Normal force in FBD

1. Feb 12, 2013

cmkc109

1. The problem statement, all variables and given/known data

A box is lifted by a magnet suspended from the ceiling by a rope
attached to the magnet as illustrated in Fig 3.65. Draw free body
diagram for the box and for the magnet

so the picture is basically there is a ceiling , and the rope hanging from the ceiling to the magnet, and the magnet is attached to the box (located below the magnet)

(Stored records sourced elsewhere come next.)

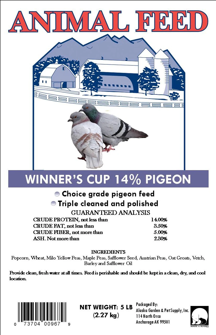 • Alaska made triple cleaned and polished choice grade 14% Pigeon Feed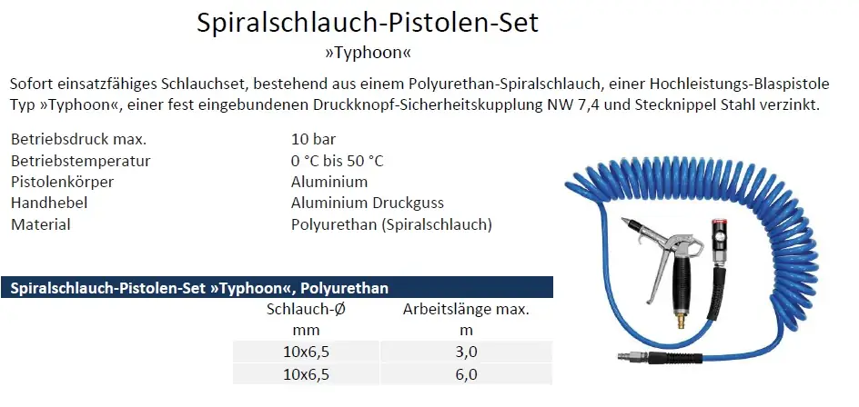 Sofort einsatzfähiges Schlauchset, bestehend aus einem Polyurethan-Spiralschlauch, einer Hochleistungs-Blaspistole Typ »Typhoon«, einer fest eingebundenen Druckknopf-Sicherheitskupplung NW 7,4 und Stecknippel Stahl verzinkt.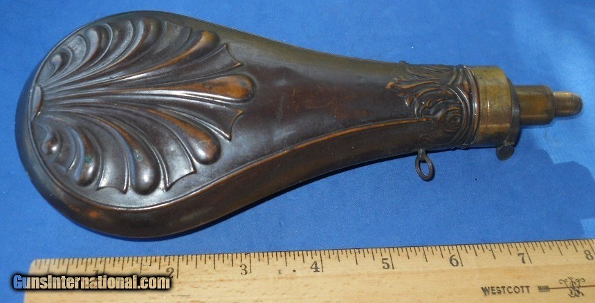 A. Antique 1860s SHELL & BUSH POWDER FLASK # 379 RILING BOOK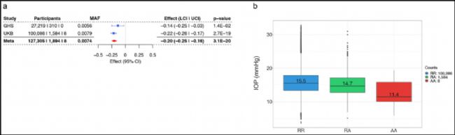 圖3. 攜帶ANGPTL7 pLOF突變?nèi)巳旱钠骄蹓海↖OP)明顯低于非攜帶者 [6]。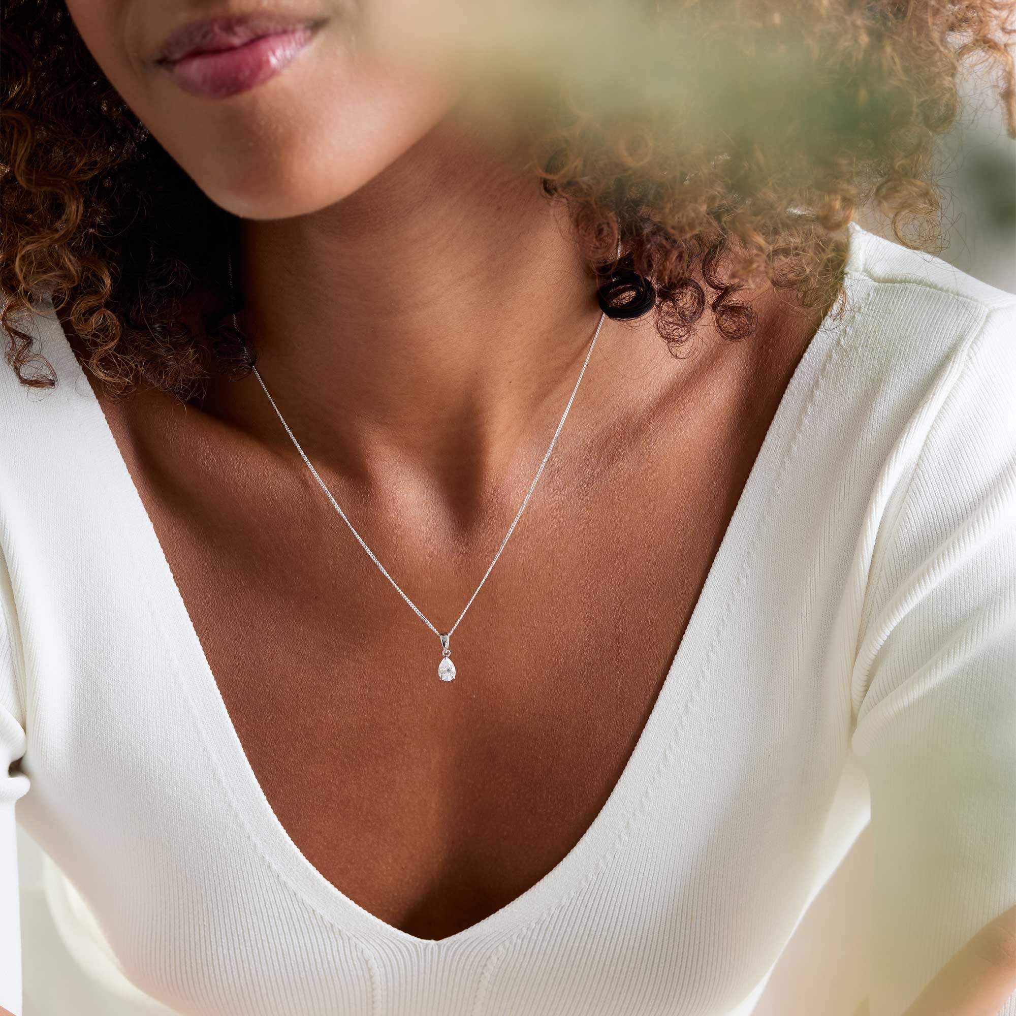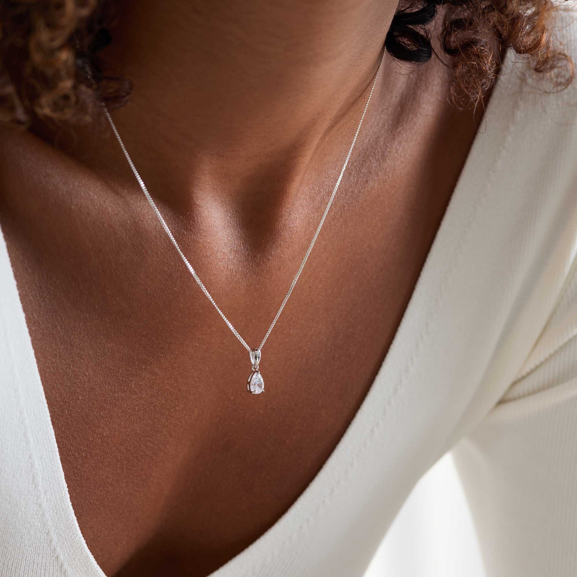 With a signature blend of quality and craftsmanship, this necklace is a lasting tribute to beauty. Embrace effortless elegance with the Silver Cubic Zirconia Pear Shape Solitaire Pendant, a true representation of refined taste and contemporary charm.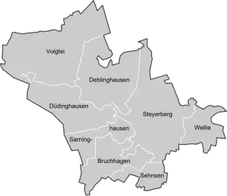 Am 1. März 1974 wurden die Gemeinden Bruchhagen, Deblinghausen, Düdinghausen, Sarninghausen, Sehnsen, Voigtei und Wellie eingegliedert.[5]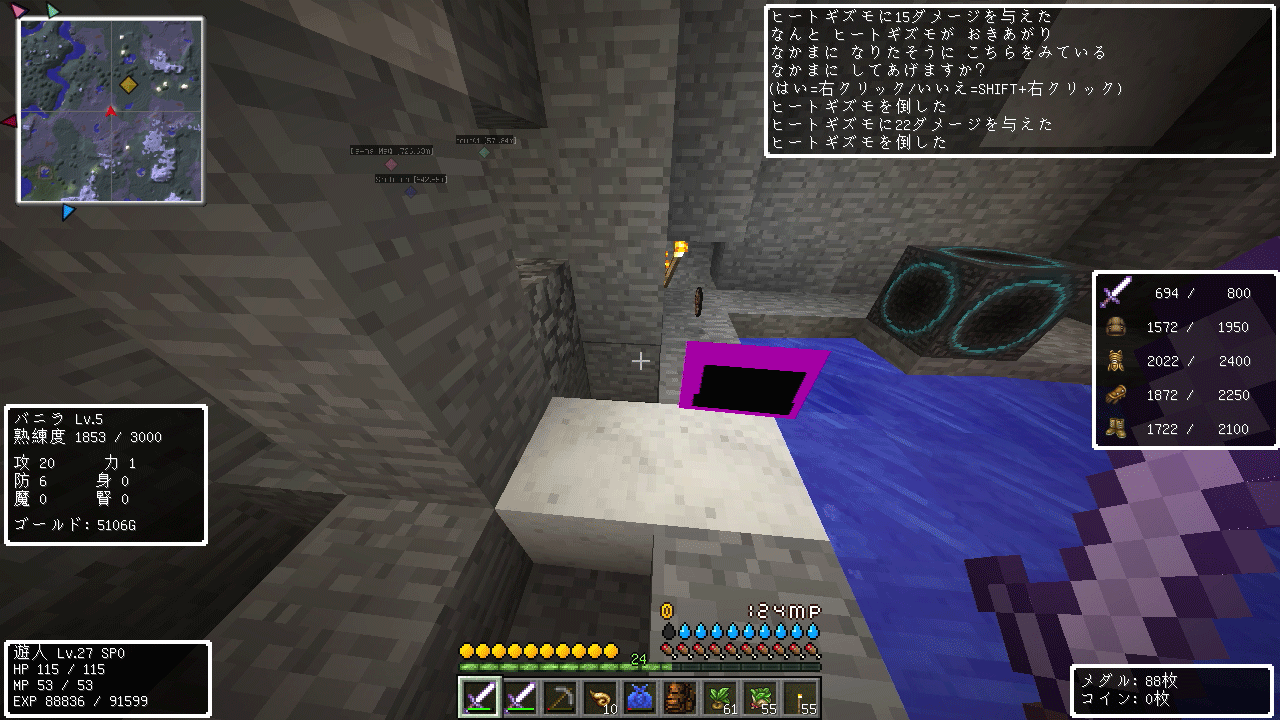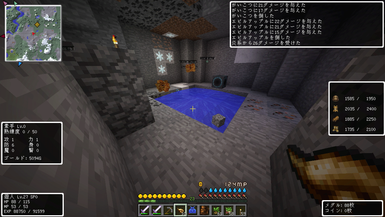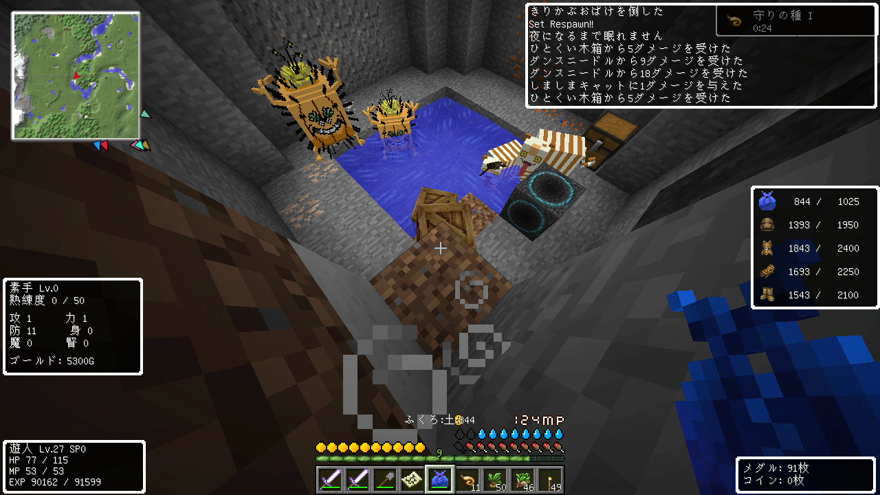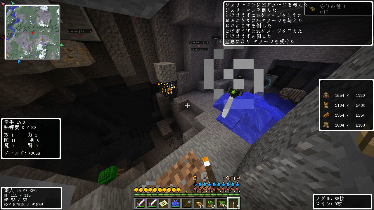 上の画像は今回2回目の井戸探索で、出てきたのはしびれくらげとももんじゃでした。

I am wondering, will there be a normal force in the FBD since the ceiling is the surface? but wouldnt the Fn and Fg be in the same direction? or will it be no Fn because the object and the surface are not in direct contact?

2. Relevant equations

3. The attempt at a solution

2. Feb 12, 2013

tms

For every force there is an equal in magnitude and opposite in direction reaction force. "Normal force" is a name usually given to a particular kind of reaction force. Using that name in other contexts might be confusing. So, yes, there are reaction forces, but you probably shouldn't call them "normal forces".

3. Feb 12, 2013

cmkc109

so do u include it in the FBD?

4. Feb 12, 2013

cmkc109

what i am trying to ask it, should this force be included when the object is not in directly contact with the surface

5. Feb 12, 2013

tms

You use all forces in the diagram.

6. Feb 12, 2013

Staff: Mentor

If the object is not in contact with the surface, there can be no normal force between them. Since it doesn't exist, you wouldn't include it.